Several other states have passed laws requiring healthcare staffing agencies to register with their states and pay annual fees, including Iowa, Louisiana and Pennsylvania. Ohio similarly introduced a bill requiring agency registration and annual fees.

During an Oregon Senate Health, Education, Labor and Pensions Committee hearing held earlier this month, aging services providers groups testified that long-term care workforce shortages are the worst in all of healthcare.

“Providers always expect to pay a premium for agencies, but the costs are out of hand and completely unsustainable,” Milligan told McKnight’s Senior Living. “All efforts made by providers — increasing wages, offering more flexible shifts/scheduling, hiring recruitment specialists — haven’t been enough to close the gap because the rates agencies are charging destabilize the market.”

She said long-term care facilities have not rebounded from the staffing losses created by the pandemic, and agencies “continue taking advantage of providers at their most vulnerable time.”

“HB 2665 will help make the temporary healthcare staffing industry more transparent and affordable, allowing for better care overall for residents in all settings from assisted living communities to skilled nursing facilities,” Milligan said. 

The Oregon Health Care Association similarly supports HB 2665, saying the bill would “reduce unsustainable costs from temporary healthcare staffing agencies and improve care outcomes.”

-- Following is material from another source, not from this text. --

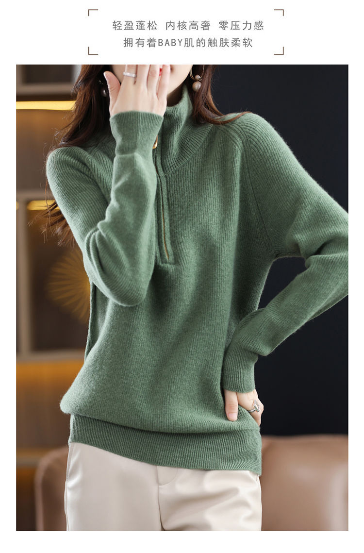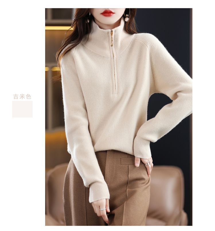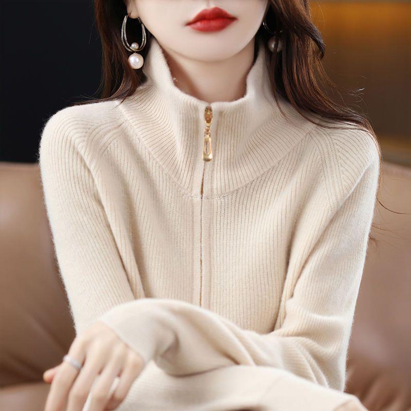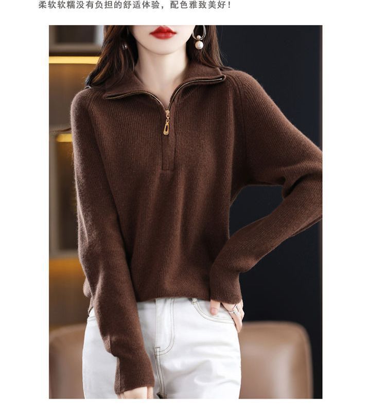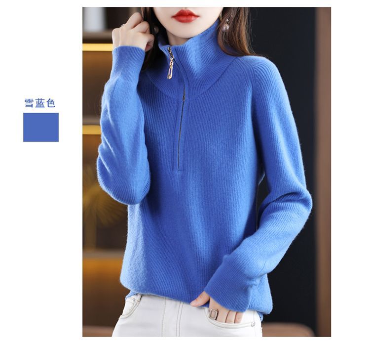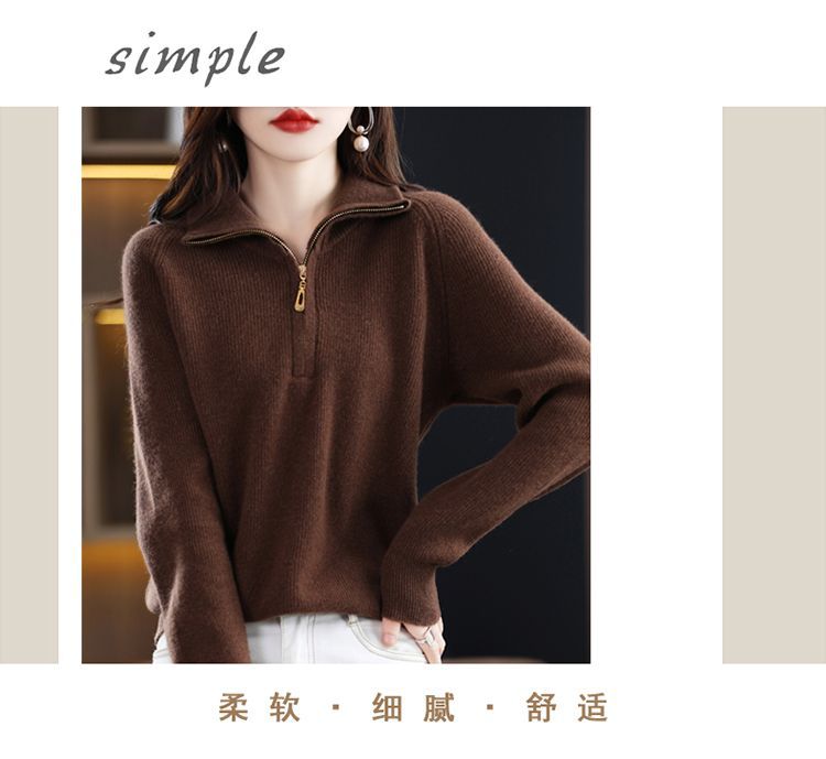 【양롱세가】캐시미어 여성용 가을 폴로넥 스웨터 루즈핏 대형 사이즈 스웨트셔츠 안감에 두꺼운 울 소재

The bill would establish maximum annual rates agencies can charge healthcare providers. Rates would be based on average wage data and other factors, including licensed setting, job position and geographic region.

“We must ensure better quality and business practices from temporary staffing agencies, as well as address out-of-control costs to the healthcare system that have resulted from many of these contracts,” according to the OHCA. “HB 2665 will help make the temporary healthcare staff industry more transparent and affordable, allowing for better care overall for residents.”

Report questions impact of rate caps

Last year, Oregon lawmakers passed a bill requiring healthcare staffing agencies to be authorized by the state — which goes into effect July 1. That bill also directed the Oregon Health Authority to produce a report on rate caps. That report came out in December and raised doubts on whether capping rates would actually solve the state’s healthcare workforce crisis.

The report concluded that rate caps can provide cost relief to facilities, but it does not prioritize compensation of personnel.

“In addition, staff, when faced with the potential of limited compensation, may leave the industry or move to another state in search of higher wages,” the report reads. “Implementing a rate cap in Oregon might result in similar issues to those states’ open positions and the additional turnover and staffing shortages would not improve quality care outcomes for the residents of those facilities.”

State and national efforts against price gouging

US Sen. Kevin Cramer (R-ND) last fall introduced the Travel Nursing Agency Transparency Study Act, requiring the Government Accountability Office to report to Congress on the business practices and effects of hiring agencies across the healthcare industry during the COVID-19 pandemic.

Last year, LeadingAge and the American Health Care Association / National Center for Assisted Living formally asked for an Federal Trade Commission investigation into agency practices. Tennessee released a report earlier this year on the effects of the use of temporary staffing agencies by assisted living communities and nursing homes on state costs. Recommendations from that report included policies requiring healthcare staffing agencies to register with the state, as well as expanding the state’s law against price-gouging to include direct care services provided by those agencies.